Any individual trying to outguess the market is competing against the extraordinary collective wisdom of all of these buyers and sellers. Viewed through the lens of Read’s allegory, attempting to outguess the market is like trying to create a pencil from scratch rather than going to the store and reaping the fruits of others’ willingly supplied labor. In the end, trying to outguess the market is incredibly difficult and expensive, and over the long run, the result will almost assuredly be inferior when compared to a market-based approach. Professor Kenneth French has been quoted as saying, “The market is smarter than we are and no matter how smart we get, the market will always be smarter than we are.” One doesn’t have to look far for data that supports this. Exhibit 2 shows that only 17% of US equity mutual funds have survived and outperformed their benchmarks over the past 15 years.

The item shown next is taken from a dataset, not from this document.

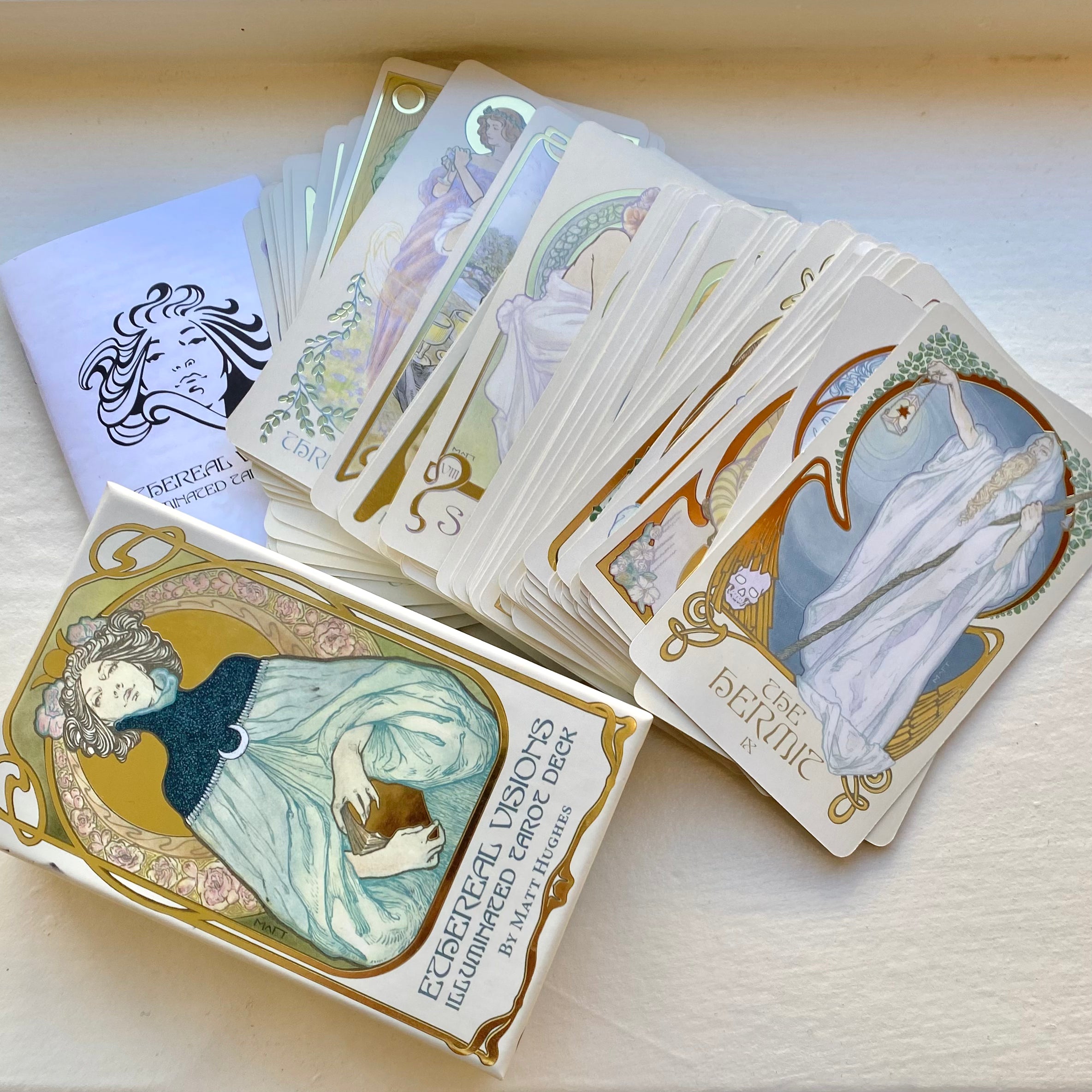 Sit down and divine in style with this Art Nouveau tarot deck, illustrated by Matt Hughes. The artist has also created two additional cards to supplement the traditional Major Arcana. His style combines inspiration from the art nouveau, pre-raphaelite, and symbolist movements, to produce an artistic expression uniquely his own. Every detailed image in the 80-card deck is hand drawn, colored, and embellished with gold foil.

The beauty of Leonard Read’s story is that it provides a glimpse of the incredibly complex tapestry of markets and how prices are formed, what types of information they contain, and how they are used. The story makes it clear that no single individual possesses enough ability or
know-how to create a pencil on their own but rather that the pencil’s miraculous production is the result of the collective input and effort of countless motivated human beings. In the end, the power of markets benefits all of us. The market allows us to exchange the time we require to earn money for a few milliseconds of each person’s time involved in making a pencil. For an investor, we believe the lesson here is that instead of fighting the market, one should pursue an investment strategy that efficiently and effectively harnesses the extraordinary collective power of market prices. That is, an investment strategy that uses market prices and the information they contain in its design and day-to-day management. In doing so, an investor has access to the rewards that financial markets make available to providers of capital.